I heard voices outside, close enough to make out every word.
“So, how bad is your new deckie, Skipper?” Vanessa asked sympathetically.
The bathroom window must be right next to her veranda, I thought.
“He’s not as bad as the last bloke. He didn’t drop any of our catch over the side, he didn’t fall in and he didn’t fall asleep. He might end up being a good deckie, if he doesn’t do anything stupid so he ends up in hospital.”
The shower’s taking forever to warm up, I thought impatiently.
Vanessa sounded serious. “Did you give him the safety talk, like I told you?”
Vanessa’s the local safety rep? Shit, I better wear my steel-capped boots tomorrow, so she notices I work safe.
“Yeah, I did. I can’t afford to lose another deckie this season. I’m behind already.” Skipper sounded grumpy. His tone changed. “So what did you think of him?”
“Well, if he’s as quick to learn as you say, he might last out the season. He doesn’t seem as stupid as the last one. Maybe…” Vanessa tailed off, without finishing her sentence.
Skipper cleared his throat. “He still has a fair bit to learn, though. He’s good for target practice when he gets confused.”
Vanessa laughed. “Did you have to throw the rotten crays at him?”
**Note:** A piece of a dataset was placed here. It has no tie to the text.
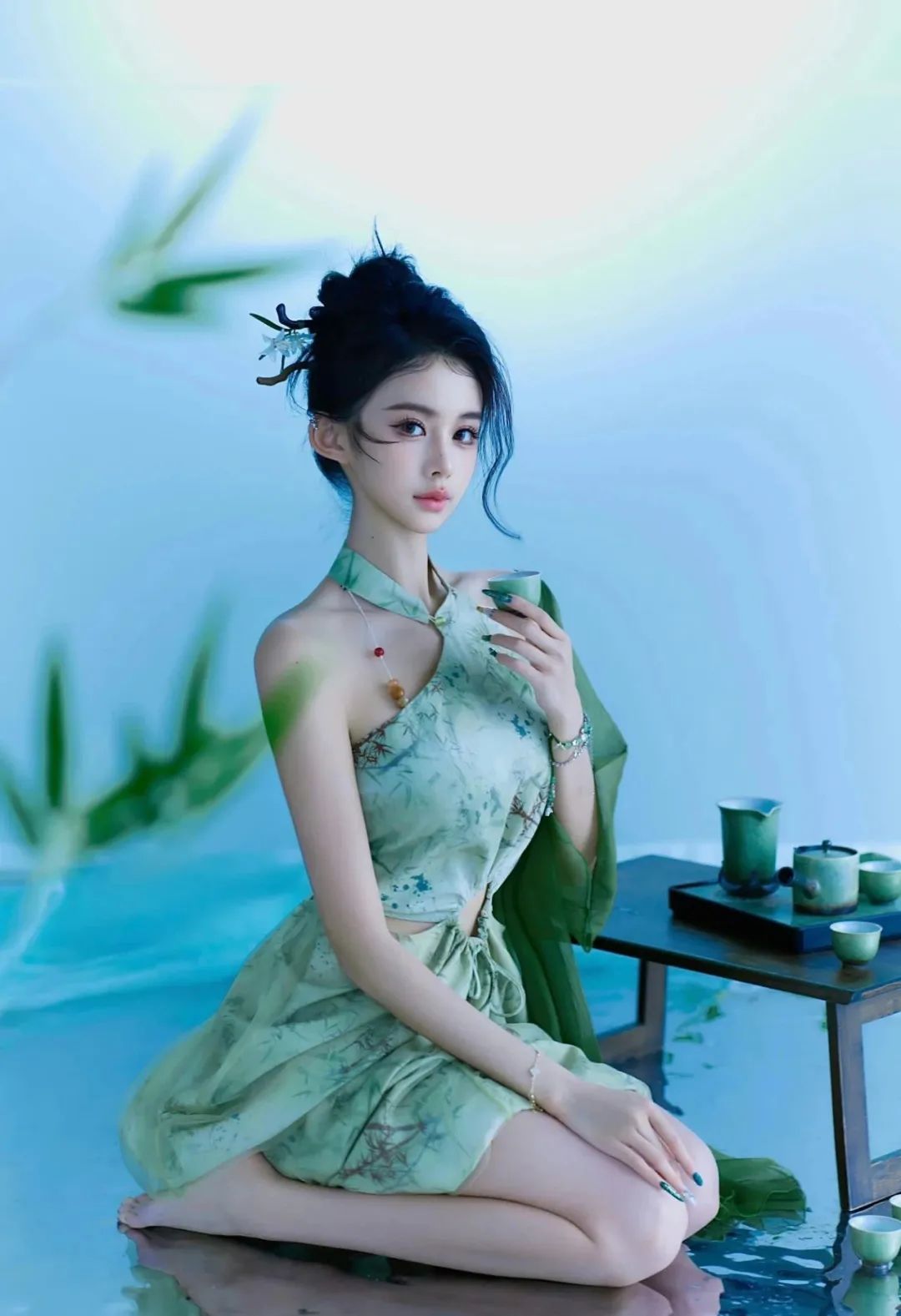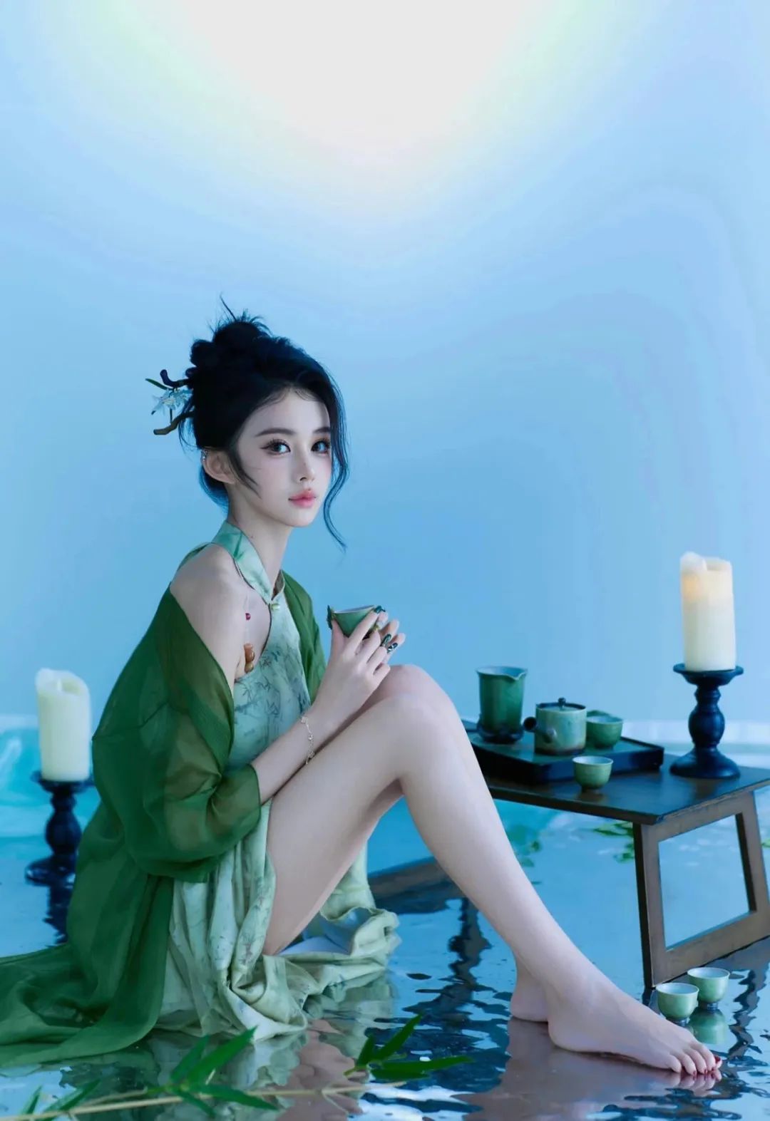 新中式网纱裙下,美腿玉足性感撩人

I heard Skipper laugh. “The first one was an accident, he got in the way. The second one...well, he was already wearing one and he looked like he might fall asleep. I figured the smell might wake him up a bit.”
“You know, you’ll need to replace those gas bottles. He’ll need hot water to wash the smell off. A cold shower won’t cut it.” Vanessa had stopped laughing.
“Yeah, I got some coming over on the carrier boat tomorrow,” Skipper said. “A couple of days of cold showers won’t hurt him.”
No hot water? Shit! I stepped into the water. Oh, it’s fucking cold, too! Give me a river with crocs in it. At least those rivers were warm.